# ST. LUCIA - Advice needed



## dreamin (Sep 19, 2011)

We have a 2 BR at the Windjammer Landing for Feb/12.  We plan to fly out of Miami and can go either non-stop to UVF or via San Juan to SLU for the same fare.  I'm sure I read somewhere on TUG that it was better to avoid the hassle of going to San Juan.  There will be 5 adults so would we be able to find transportation from UVF to the resort (will it require 2 taxis or do they have larger vans?).  We also need 2 additional nights because our flight home from UVF doesn't leave until Monday.  Any suggestions?  The hotel prices on St. Lucia are out of this world!  The island and resort looks gorgeous though.


----------



## siesta (Sep 19, 2011)

dreamin said:


> We have a 2 BR at the Windjammer Landing for Feb/12.  We plan to fly out of Miami and can go either non-stop to UVF or via San Juan to SLU for the same fare.  I'm sure I read somewhere on TUG that it was better to avoid the hassle of going to San Juan.  There will be 5 adults so would we be able to find transportation from UVF to the resort (will it require 2 taxis or do they have larger vans?).  We also need 2 additional nights because our flight home from UVF doesn't leave until Monday.  Any suggestions?  The hotel prices on St. Lucia are out of this world!  The island and resort looks gorgeous though.


 II has windjammer getaways that are priced around $1000.

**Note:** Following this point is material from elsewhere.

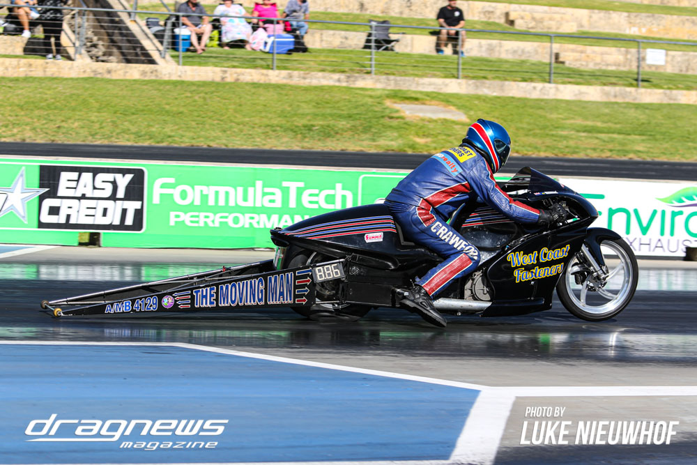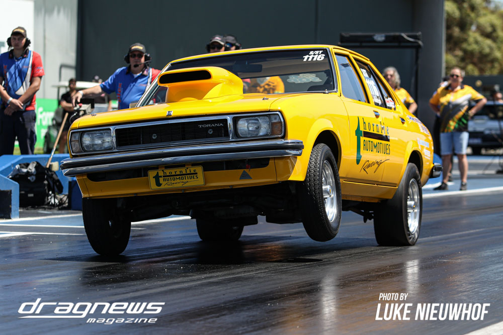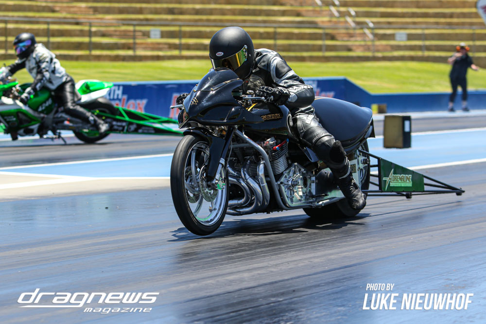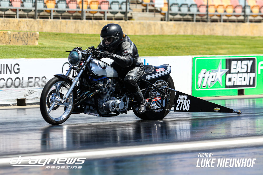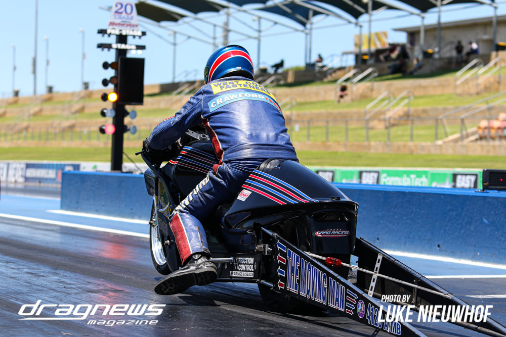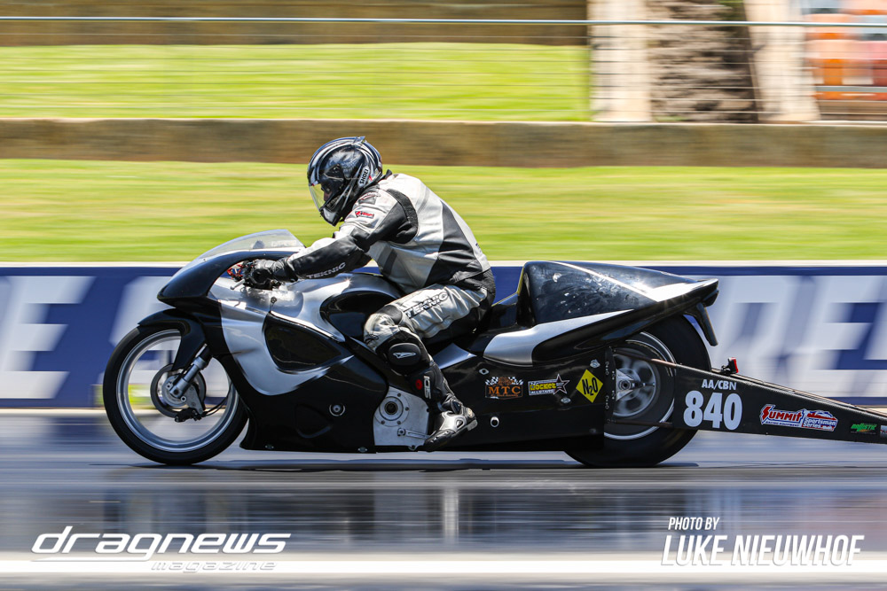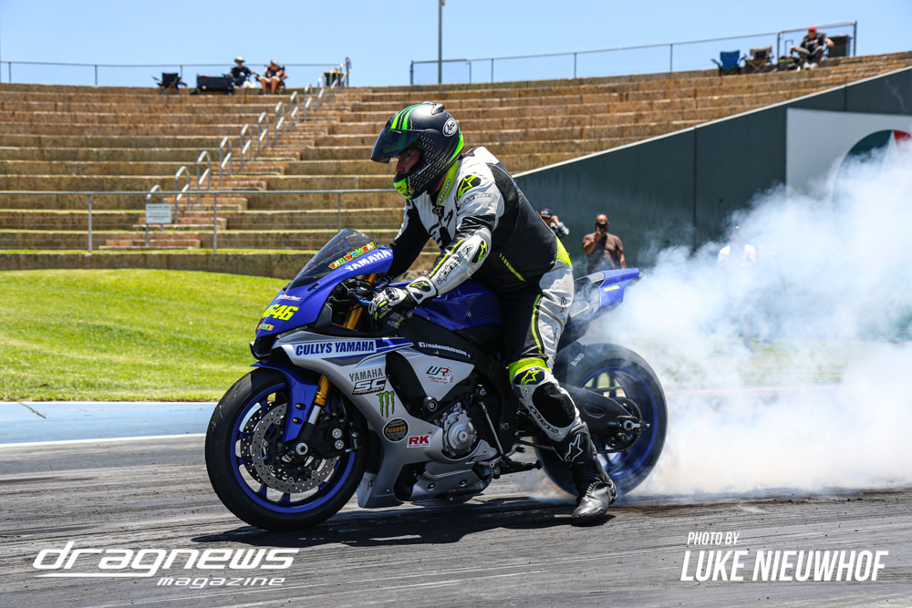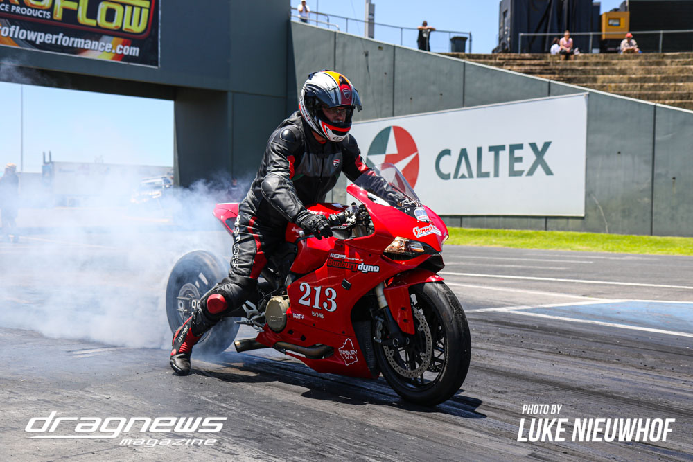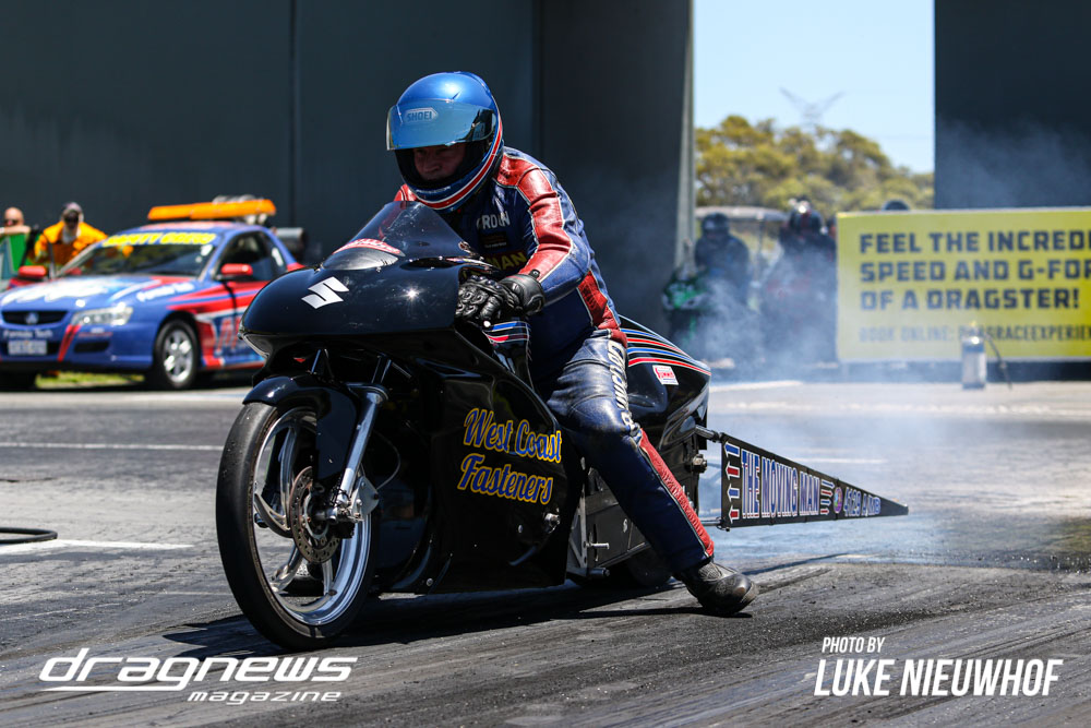 Other winners on the night included Wayne Keys (Top Comp), Todd Stacy (Super Comp), Trent Anthony (Comp Bike), Jodie Mellitt (Supercharged Outlaws), Chris Roe (Top Sportsman), Kevin Boulton (Outlaw Radial), Cory Treasure (Modified), Mick Fenton (Super Sedan), Chris Allen (Modified Bike), Richard Stevens (Super Street) and Brodie Zappia (Junior Dragster).

Also, slu is close to the resort, uvf is about an hour and a half drive to the resort. You can take the helicopter ride to and from the resort from uvf instead of the  long car ride.


----------



## zoobiedo (Oct 2, 2011)

I'm a Windjammer owner.  The closer airport is SLU (about 15 minutes drive).  If you can get good connections via San Juan I prefer that route but you will be on a small prop plane.  Otherwise fly into UVF and do the transfer.  You can get a van for all of you -- I would book ahead.  There are many taxis you can check into.  www.serenitytvl.com offers transfers or you can go on tripadvisor.com and look for recommendations -- Ben's West Coast Taxi is another option.  Just do a google search for his website.

As far as extra nights -- if you want to spend a couple of nights in Rodney Bay where you can walk to many restaurants, shopping, casino and be on a nice beach then have a look at Ginger Lily, Coco Palm (not the Kreole rooms) or Bay Gardens Beach Resort.  Alternatively you could look at Coconut Bay if you fly into UVF as it is all inclusive, reasonable and directly across the street from the airport.  There are few flights coming into St Lucia so the planes won't bother you.

Do make sure to have a couple of days clothing, bathing suits and necessities in your carry on.  You may run into delayed receipt of your luggage.  Unfortunately it happens and, hopefully, not to you but be prepared just in case.


----------



## prickler (Oct 2, 2011)

Currently at the windjammer and this place is awesome, you're going to love it. We flew to uvf and the taxi ride over was very scenic and I'd imagine most taxis drivers can provide valuable insight about the island along the way. It was almost like an added tour for first timers.

it seems that there are a lot taxi vans that can easily accommodated up to 8 adults and are easy to find with st Lucia really catering to tourists.


----------



## Keep Traveling (Oct 2, 2011)

prickler,

Can you check on the prices to Scuba Dive there, we are trying to decided whether or not to bring out equipment and what type of diving is offered.

KT


----------



## Ron98GT (Oct 2, 2011)

*Free Time*

If you get some free time and your looking for something to do for a day, check out Cosol Tours.  We did it back in 2009 and it was great. Not only do you get a great tour of the island, he feeds you island food at one of the stops, and has a van follow behind with the rum punch, beer, and water.  Next time we're down there we'll do it again.

http://www.cosol-tours.com/


----------



## dreamin (Nov 18, 2011)

*Question re occupancy #s*

My reservation is for a 2 BR 6/4, 2 bath, full kitchen unit, 96000 points.  On the WJL website it indicates that the 2 BR accommodates 2 adults & 3 children or 4 adults.  So there are 5 adults going on this trip.  I had assumed that the 2 bedrooms would accommodate 4 adults and was counting on a sofa bed for the 5th adult.  Will WJL not allow this or are they just recommending that it would be most comfortable for 4 adults?  The units are huge from what I've read. 

No unit # has been assigned.  #42 and 46 have been recommended on TUG.  Any others I could request?  A beautiful view is our #1 priority.

As for our 2 extra nights, Coconut Bay is the closest to the airport which is ideal since we have a 9 am flight.  Their rate is $365/night but I guess it would be better than doing that long drive from the north part of the island.


----------